DOJ and Court Costs. This measure would impact both the DOJ and state court workload. The DOJ workload could increase if it chooses to investigate and/or file cases against businesses that fail to comply with the measure’s new consumer data privacy requirements. However, this increased workload could potentially be partially or fully offset by reductions in workload from the measure shifting responsibilities from DOJ to CPPA. Additionally, state court workload could increase if the measure results in the filing of (1) lawsuits by DOJ for violations of the new requirements of this measure, (2) requests for review of CPPA complaint and penalty decisions, and (3) requests for the courts to enforce the collection of CPPA administrative penalties.
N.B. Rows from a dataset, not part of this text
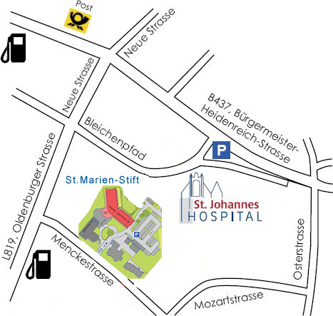 - Aus der Wesermarsch (B437) kommend biegen Sie an der Ampelkreuzung Bürgermeister-Heidenreich-Straße / Neue Straße links in die Neue Straße, fahren gerade aus über die folgende Kreuzung (Bleichenpfad / Teichgartenstraße) und biegen an der nächsten Kreuzung links in die Menckestraße, nach ca. 150 m wieder links in die Auffahrt zu den Parkplätzen und zum St. Marien-Stift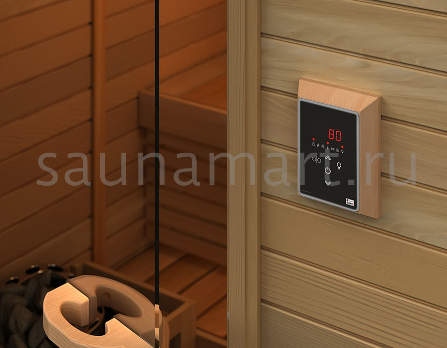 Сенсорные клавиши пульта подсвечены контрастным красным в тон информационному табло. Подсветка не только ярко, но и весьма эффектно смотрится на фоне чёрного корпуса и экрана. К данной модели подключается не только управление электрокаменкой, но и освещение с вентиляцией в сауне, что вдвойне удобно. Пульт позволяет настроить режим парения на ближайшие 0-12 часов и отложить старт на 1-24 часов, а также автоматизировать включение и выключение сауны. Последняя функция будет весьма прагматична при эксплуатации в коммерческой бане. Функция блокировки клавиатуры станет незаменима для семейных саун с детьми. Подключение пульта производится к сети с напряжением 220В или 380В.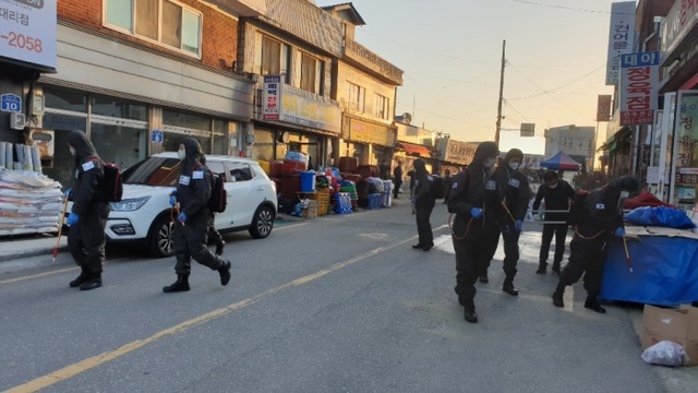 전북 군산에 있는 9585부대 제1대대 장병 20여 명은 12일 관내 다중 이용시설인 대야 전통시장의 방역소독을 지원했다.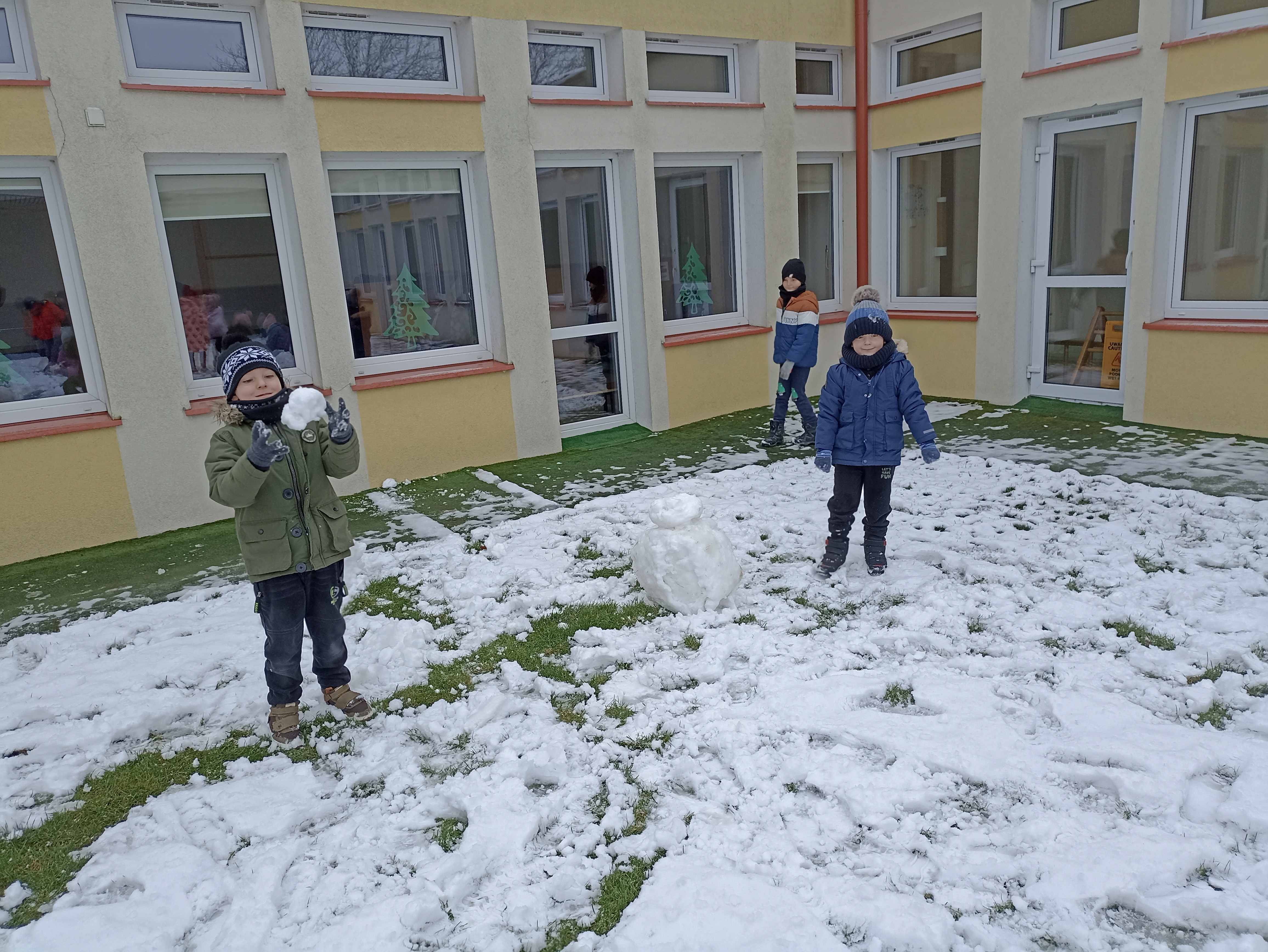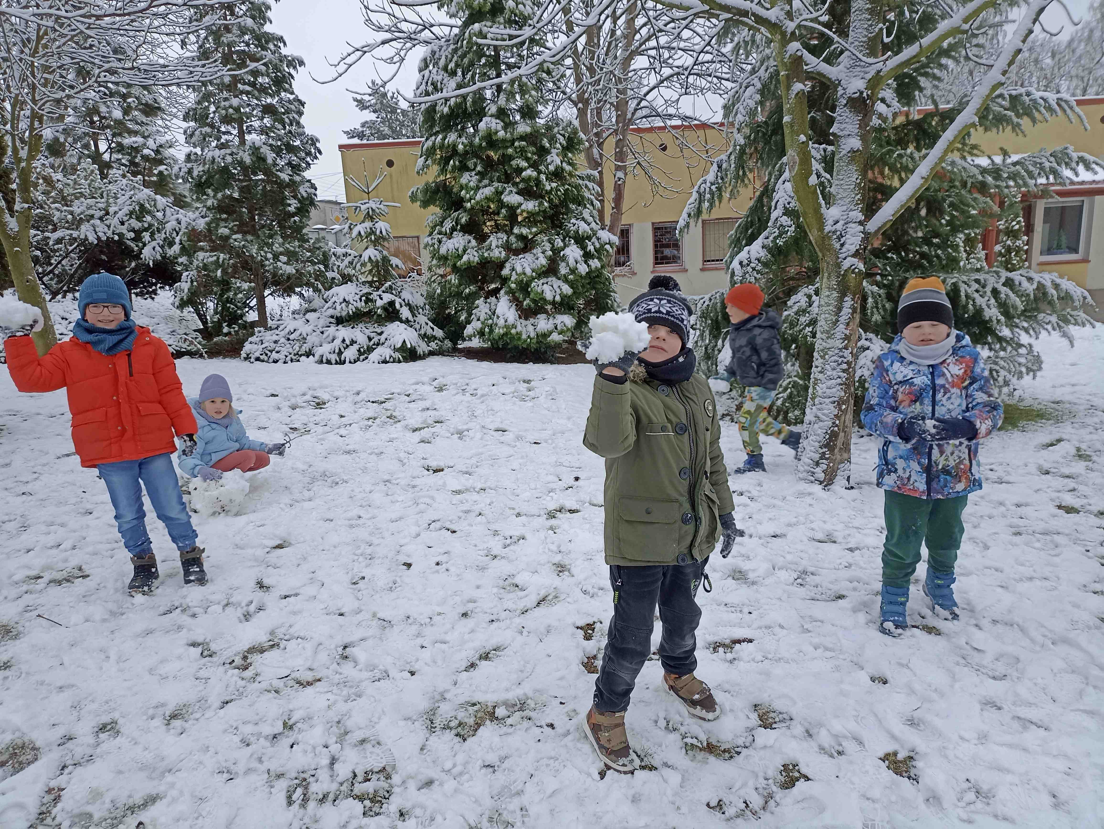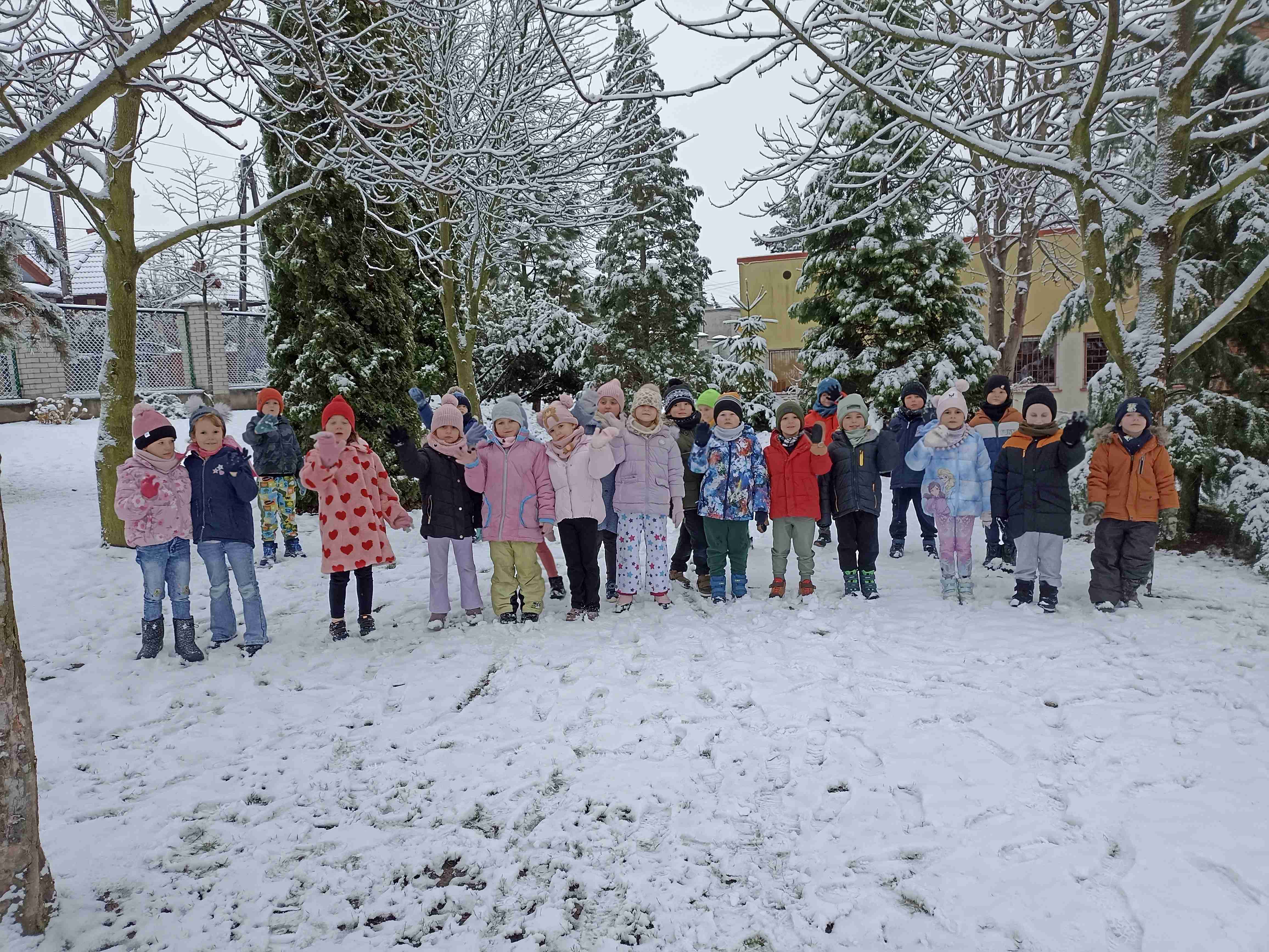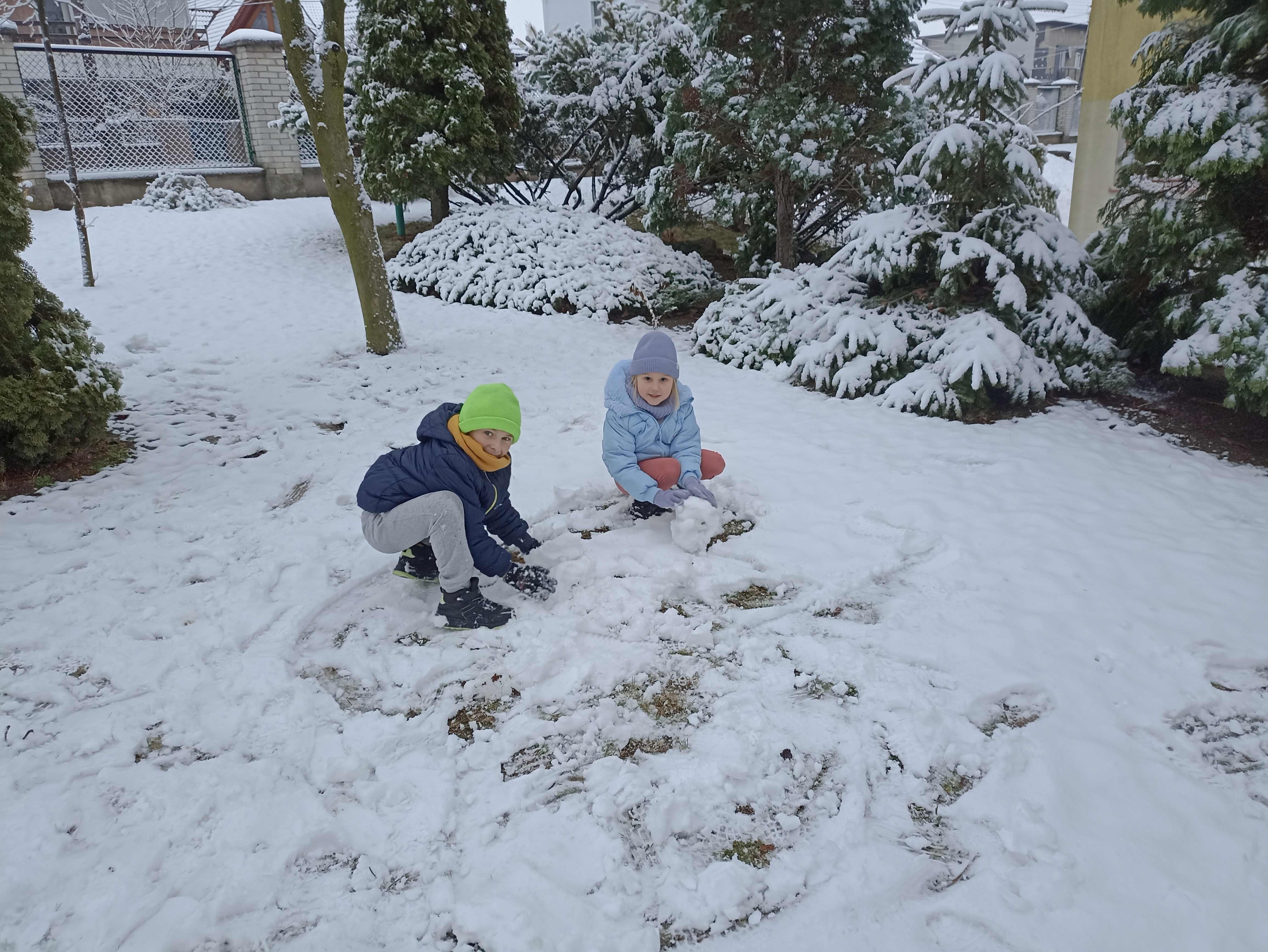 Pierwszy śnieg przyniósł dzieciom mnóstwo radości! Wykorzystując zimową aurę, przedszkolaki przez kilka dni aktywnie spędzały czas na świeżym powietrzu.

The costs of this increased workload would depend primarily on the number of violations investigated and adjudicated, as well as the number and types of cases filed with the state courts. In total, increased state costs to DOJ and trial courts could reach the low millions of dollars annually. Some or all of these costs would be offset by increased revenue related to penalties assessed and collected from businesses violating consumer privacy laws.

Tax Revenues. The measure would have various impacts on businesses and consumers, which could then impact state and local tax revenues. On the one hand, the measure could reduce tax revenues in certain areas. For example, the measure’s requirements could increase business costs, such as requiring new resources to address consumer requests to correct personal information. This could result in fewer taxes being paid by businesses to state and local governments. On the other hand, the measure could increase tax revenues in certain areas. For example, to the extent that the requirements reduce the severity or number of data breaches, the amount of money businesses and consumers lose due to such breaches would decline. This could increase tax revenues if consumers then spend more on taxable items and/or businesses earn more revenue. The overall net impact on the economy and state and local tax revenue is unknown and would depend on how businesses and consumers respond to the measure.

Summary of Fiscal Effects. The measure would have the following major fiscal effects:

• Increased annual state costs of roughly $10 million for a new state agency to monitor compliance and enforcement of consumer privacy laws.
• Increased state costs, potentially reaching the low millions of dollars annually, from increased workload to DOJ and the state courts, some or all of which would be offset by penalty revenues.
• Unknown impact on state and local tax revenues due to economic effects resulting from new requirements on businesses to protect consumer information.